Good morning. A Philippine senator claims that PAGCOR being a casino operator itself means that it’s not overseeing the industry strictly enough – calling for the watchdog to split into two – one department for operations and one for regulations. Meanwhile, Genting Malaysia is recovering, lowering its 3Q22 loss significantly. And in Macau, gaming concession bidders are likely to have to invest even more than the $12.4 billion initially expected.
What you need to know
- Philippine senator calls for PAGCOR to split, separating its regulatory and operations segments, while questioning the need for POGOs in the country.
- Genting Malaysia has narrowed its third quarter loss to $1.84 million, as it sees upticks in its Malaysia property and non-gaming revenue.

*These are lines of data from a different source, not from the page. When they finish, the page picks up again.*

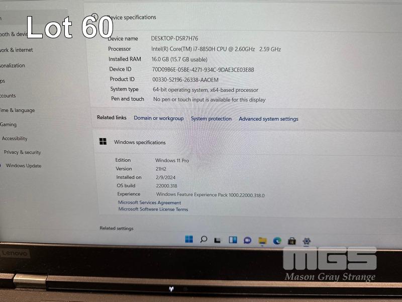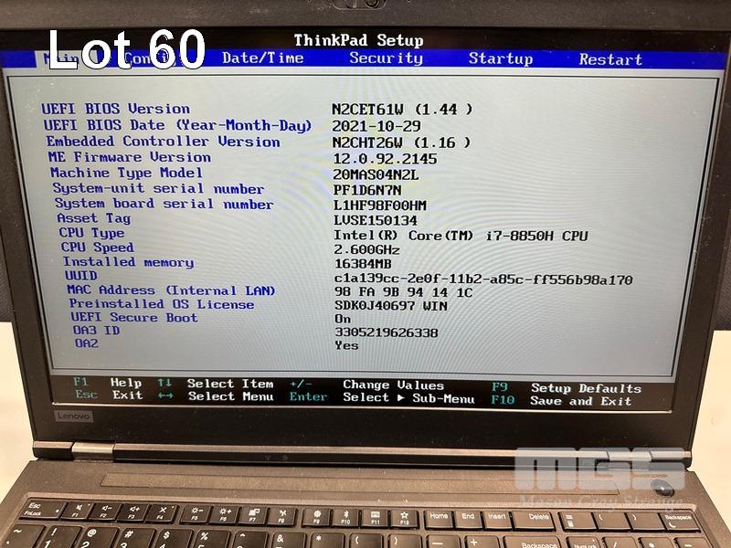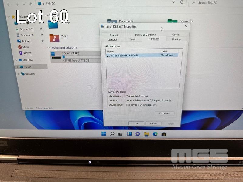 LAPTOP, LENOVO THINKPAD P52 MOBILE WORKSTATION, TYPE 20MA, CORE i7 8850H (8TH GEN) @ 2.6GHz, 16GB DDR4 RAM, 512GB NVMe M.2 SSD, 15.6" WIDESCREEN (1920x1080), 4GB NVIDIA QUADRO P2000 VIDEO, Wi-Fi, BLUETOOTH, WINDOWS 11 PRO INSTALLED & POWER SUPPLY (NOTE: MARKS ON SCREEN) S/N:PF1D6N7N
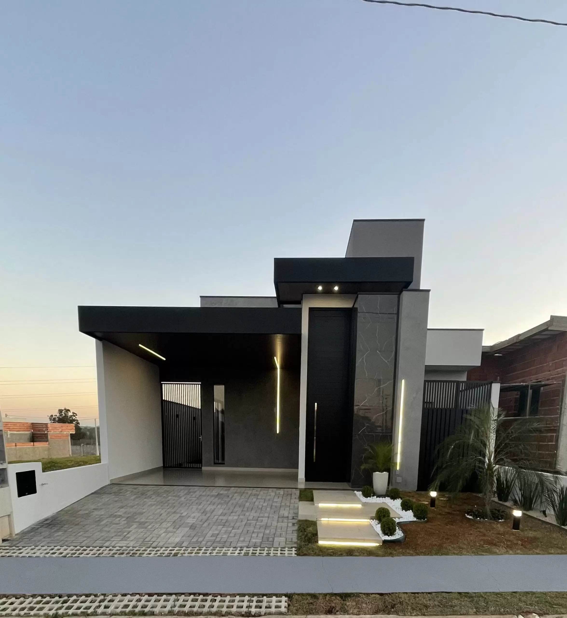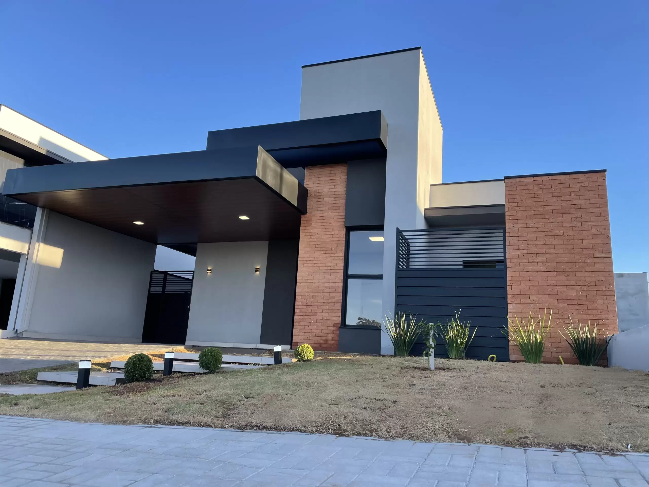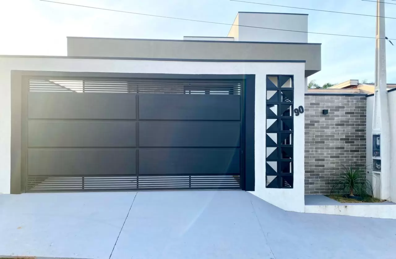 Sobrado com 3 suítes sendo uma suíte master, escritório, ambientes integrados, cozinha gourmet com ilha e uma aconchegante área de lazer.
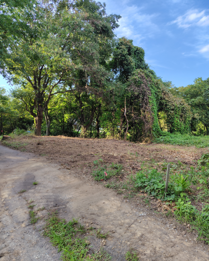 まずは伐採作業からスタートし、作業エリアを明確にするため、
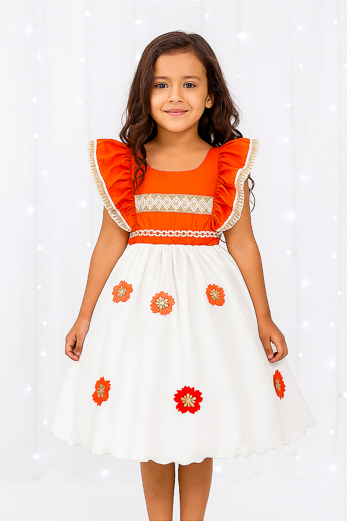 Vestido Infantil Moana Laranja Apliques Flores Festas
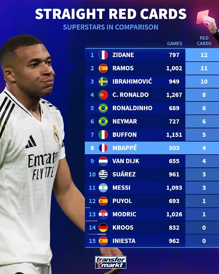 И тут сюрприз: первое место занимает Зинедин Зидан — легенда завершил карьеру удалением на финале ЧМ-2006 и всего насобирал 12 красных в 797 матчах.
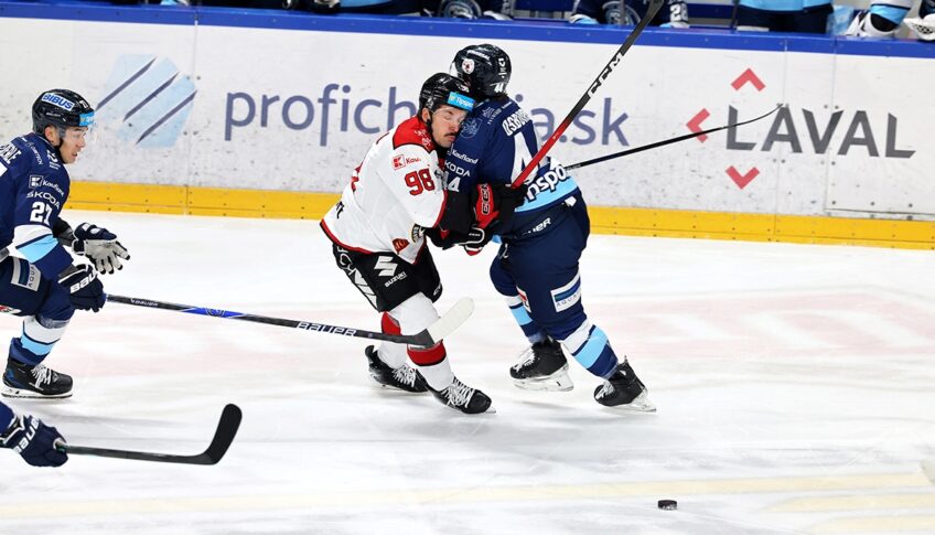 Úvod zápasu priniesol opatrný hokej, ako prví výraznejšie pohrozili hostia. V 15. minúte sa po nahodení Okoličányho od modrej čiary dostal k puku pred bránou Čederle, obišiel Vitolsa a otvoril skóre stretnutia – 0:1. Domáca odpoveď mohla prísť krátko na to. V 17. minúte Kukuča našiel pred bránou Šoltésa, no vyrovnaniu chýbali doslova centimetre. Vzápätí Passoltova strela len o milimetre minula žrď.
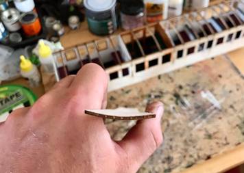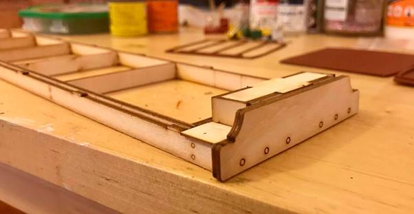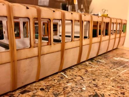 Now comes the middle layer of the body exterior in a thicker ply to create the depth of the sides of the carriage. This comes in two parts, an upper and a lower section. The upper section has cut outs for the windows, and the lower section has to be curved to create the lower tumbleholme side. At this point I decided to score, soak and pre bend the lower section to make it easier to build.

- Macau’s new gaming concessionaires will be required to invest even more than the $12.4bln they had pledged so far, as license attribution looms.
On the radar
- Macau to invest $80mln in attracting new tourism markets in 2023.
- Dynam Japan posts 10% revenue increase but profits down 65% y-o-y.
- Casino closure led Emperor Entertainment to $10.7mln loss.
- Kingston records negative GGR of $2.67mln April-September.
- Casino commission unlikely to approve The Star remediation plan ‘soon’.
PAGCOR’s casino operations are cutting into its effectiveness as a regulator, says a Philippine senator, pushing for the group to subdivide into an operations arm and a regulatory body. The senator, currently compiling a report on POGOs, has also questioned the need for online gaming operators in the country, despite the employment benefits they bring.